On the subject of apprentices Stuart is equally candid. While he has no answer to how the trade can draw in more young people, he notes that his last two both left early – ‘one didn’t stay, while the next one stayed for 10 months, then got lured to another firm. It promised more money and a van in exchange for a four-hour journey each day and only £40 extra per day.’

Like some, but not all, in the trade, Stanground Carpets was able to keep working all through coronavirus lockdown as it had contracts with NHS property services, Anglian Water and two food processing plants.

It wasn’t until the end of lockdown that Stuart opened the doors to the general public, but not before he had the shop fogged and set up to safely allow the public to come in. Going forward, he has had to change the way the business runs: ‘We do our measures differently now - we go out and then ask the customer come in and choose the flooring. We have spaced out our time so that we are with the customer in their house for around 40% longer, this has really helped with putting their mind at rest on how things will proceed with their flooring purchase.’

Private time
Stuart, like everyone else, needs a good work/life balance.

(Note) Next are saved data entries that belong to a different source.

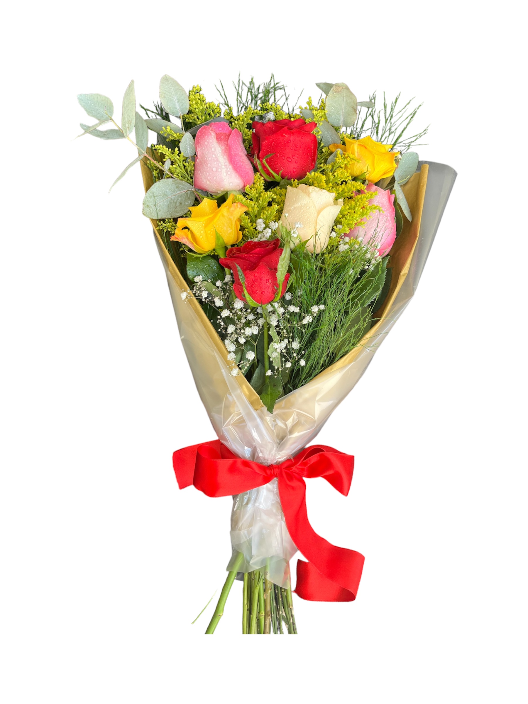 Buque Encanto Rosas Coloridas - Alegria, jovialidade e carinho simbolizam este lindo buque de rosas. Ideal para aniversários e datas comemorativas.
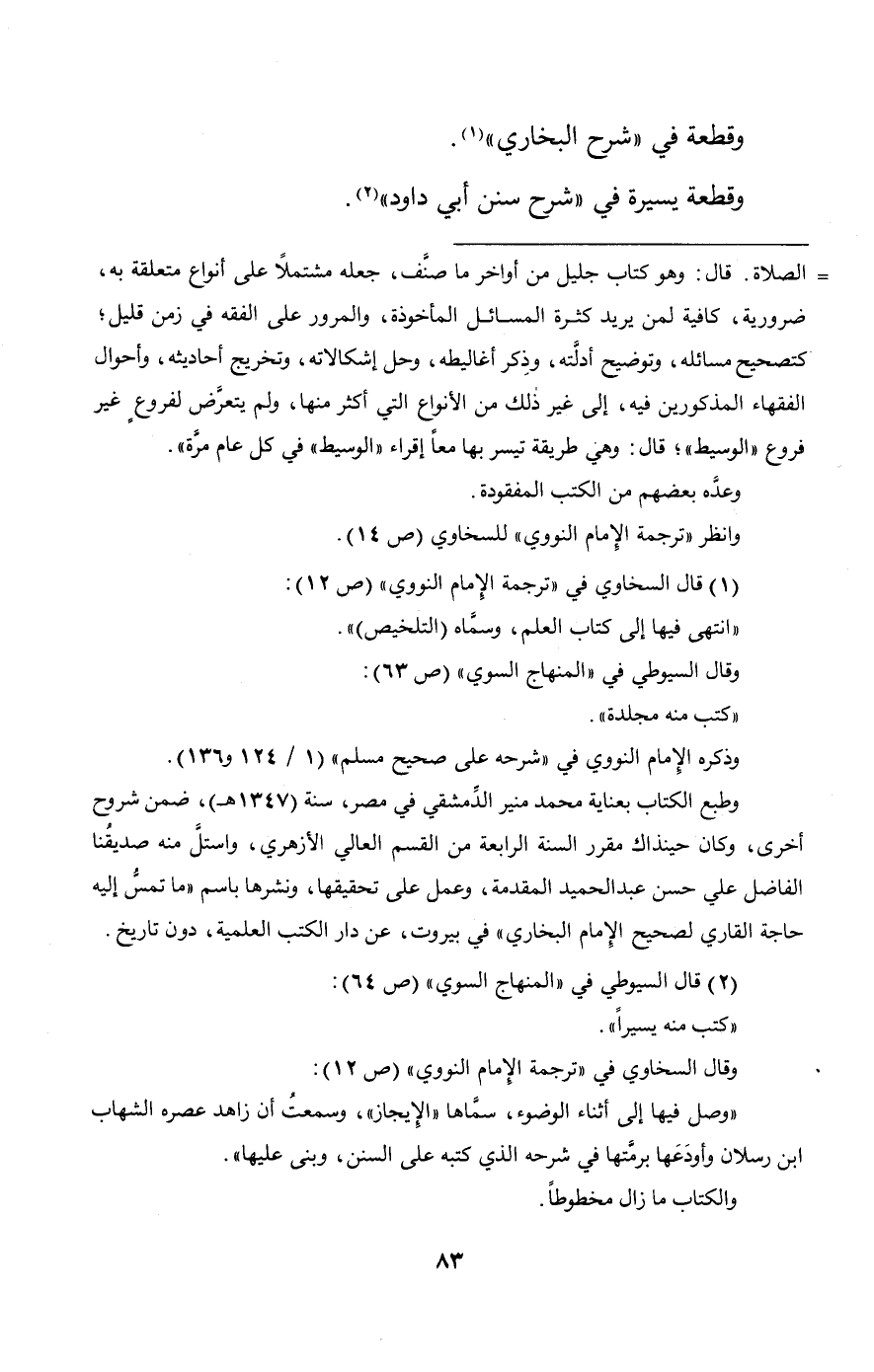 والسخاوي في "ترجمة الإمام النووي" (ص 12 - 13)، وعرفه بقوله: "الواقعة -أي: الأسماء واللغات- في "المختصر" للمُزني، و"الوسيط"، و"الوجيز"، و"التنبيه"، و "المهذب"، و"الروضة"، مات عنه مُسَوَّدة، فبيَّضه المِزِّي"!
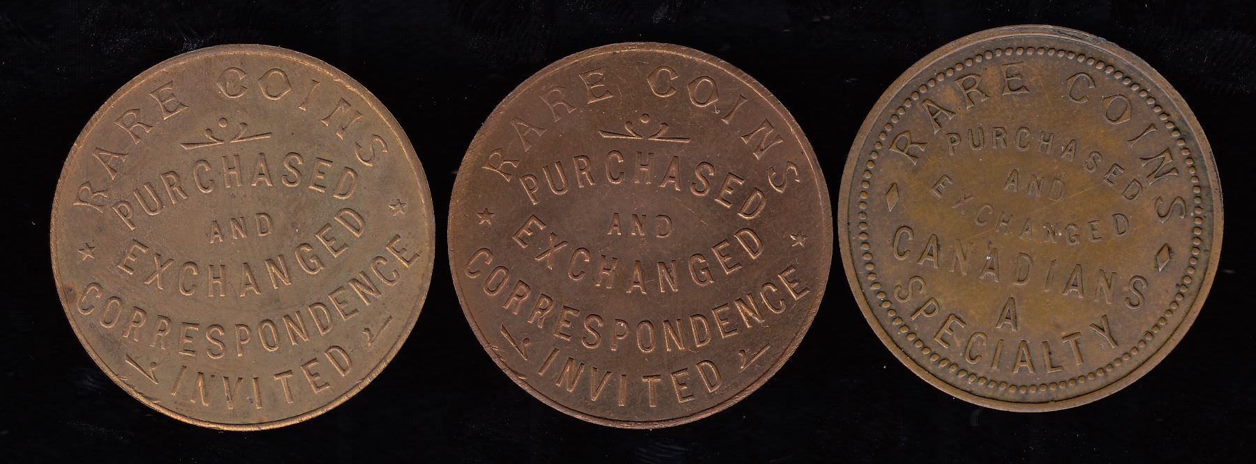 Jeremiah Gibbs (maple leaf), (2) copper (208 pcs issued); D.A. Woods,copper, 1904, 28 mm. 3 Pcs.

Having lived most of his life in Peterborough, he is a busy 51 years old. With five children between the ages of 6 and 22 he quips that he ‘should have bought a bigger TV.’ Detachment from the stresses of work comes through playing football every Tuesday night (and he ‘wouldn’t give that up for the world’) which is followed by the recovery of spent calories with his team-mates in a pub which, as he says, ‘wastes all the exercise that we have sweated for over the last hour.’

During the winter he plays team-based snooker every Thursday and boasts that his highest break was 108. He’s also just started to get back into golf but ‘this has time restrictions as my wife thinks I already do enough sport.’

So, the question ought to be… when does he have time for work?